Automated Search Ad Approval Process

A search engine manually checking ads to be served with search results, or on web pages could be a pretty labor intensive proposition. What’s the best way to automate such a process?

And what about followup checks on the advertisments, and the landing pages that they may point to?

A new patent application from Google, published today, describes how such an automated system might work.

Advertisement approval
Inventors: Gregory Joseph Badros, Robert J. Stets, and Lucy Zhang
US Patent Application 20060149623
Published July 6, 2006
Filed: December 30, 2004


An advertisement for use with an online ad serving system may be automatically checked for compliance with one or more policies of the online ad serving system. If the advertisement is approved, then it is allowed by be served by the ad serving system. Follow up checks of the advertisement may be scheduled. One follow up check may be to test a landing page of the advertisement for compliance with policies. If the advertisement is not approved, hints for making the ad comply with one or more violated policies may be provided to an advertiser associated with the ad, and/or an ad serving system customer service representative. Determining whether or not to approve the advertisement may include determining violations of one or more policies by the advertisement, and, for each of the violations, determining whether or not to exempt the violation.

The patent application lists some of the policies that its system might check for, involving:

  • Superlatives,
  • Repeated words,
  • Repeated phrases,
  • Trademarks,
  • Vulgar language,
  • Ad landing pages that generate pop-up ads,
  • Ad landing pages that disable a browser “back” function,
  • Inappropriate capitalization,
  • Landing pages that cannot be viewed in a standard browser,
  • Multiple exclamation points,
  • Text that is too long,
  • Landing page URL that does not match the visible URL spelling, and;
  • Counterfeit design goods.

The process described may also include the use of a whitelist in the exemption of some of these violations, which could be applied on a:

  • Per language basis,
  • Per advertiser basis,
  • Per ad group basis, and/or;
  • Per ad campaign basis.

This automated system may also provide some hints to advertisers on gaining approval after a violation or violations have been uncovered.
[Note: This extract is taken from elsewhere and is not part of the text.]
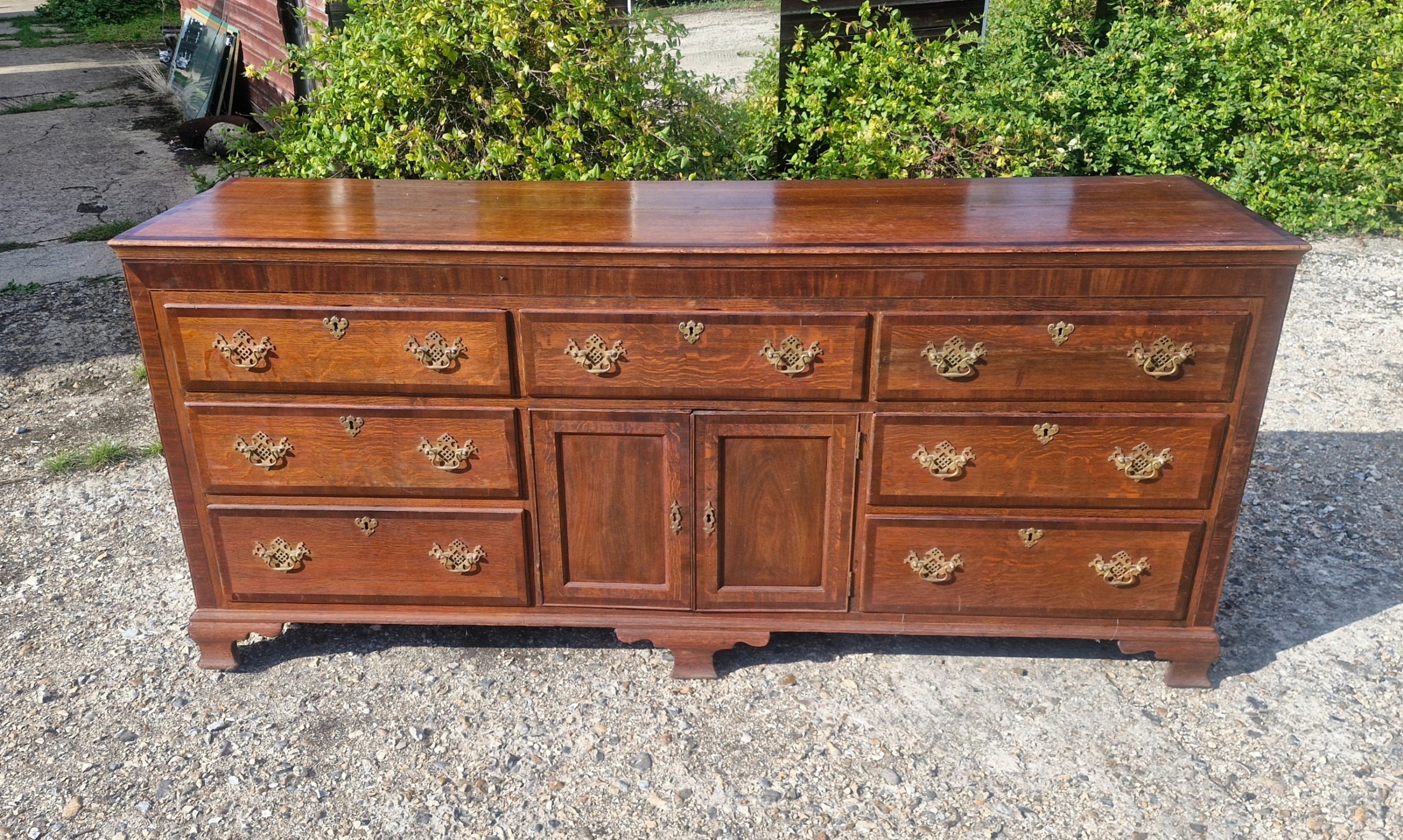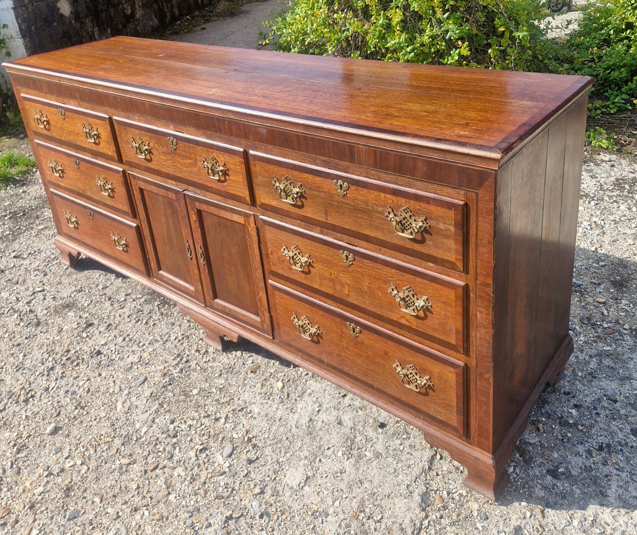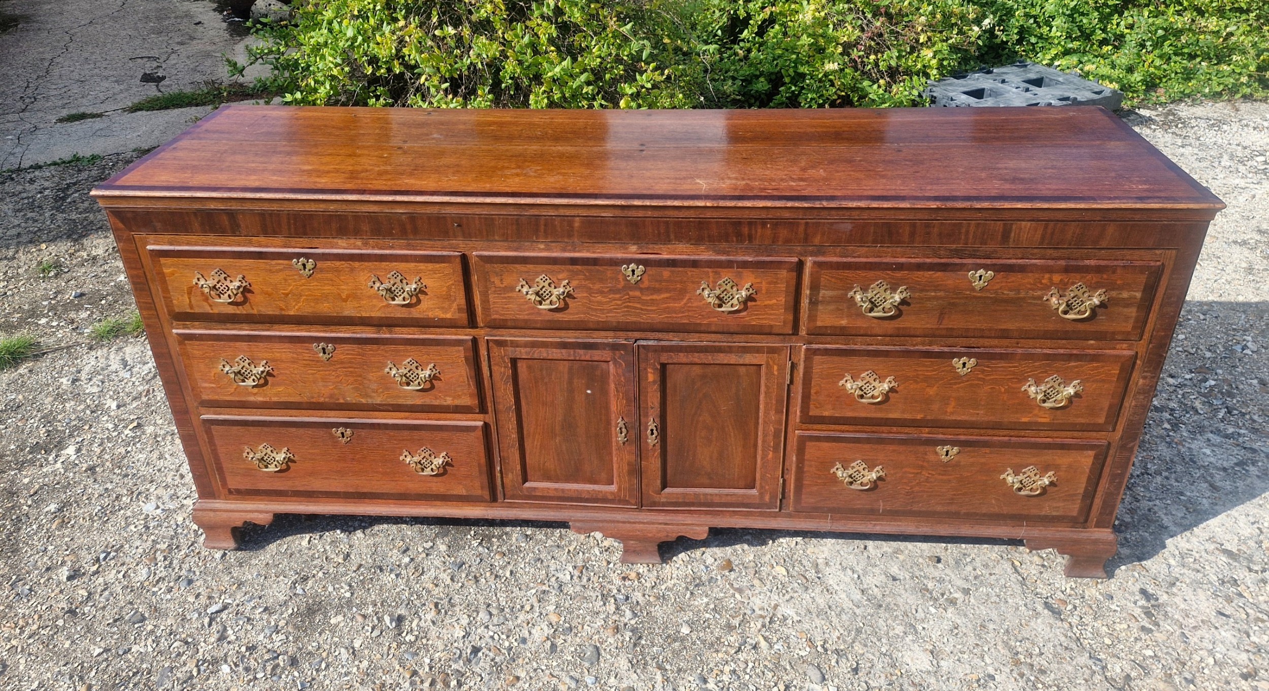 Mit einer Breite von über zwei Metern bietet diese große Kommode antik reichlich Stauraum und ist damit sowohl funktional als auch dekorativ. Das Möbelstück ruht auf einem stabilen Sockel und wirkt dank der klaren Linien und des massiven Holzes besonders harmonisch.

There’s a much longer list further down in the document that spells out some of the disapproval reasons, such as “Identify Affiliate Status”, “Offer not reflected within 1-2 clicks of landing page”, “Clarify Prescription Requirement”, “Keywords don’t reflect adult content”, and more.

There’s also some interesting language in the document on the use and creation of “Trust Scores” for advertisers based upon previous advertments and advertising campaigns.

If you are interested in how such an automated system might work, and might affect the approval of paid advertisements, you may want to dig deeper into the patent application.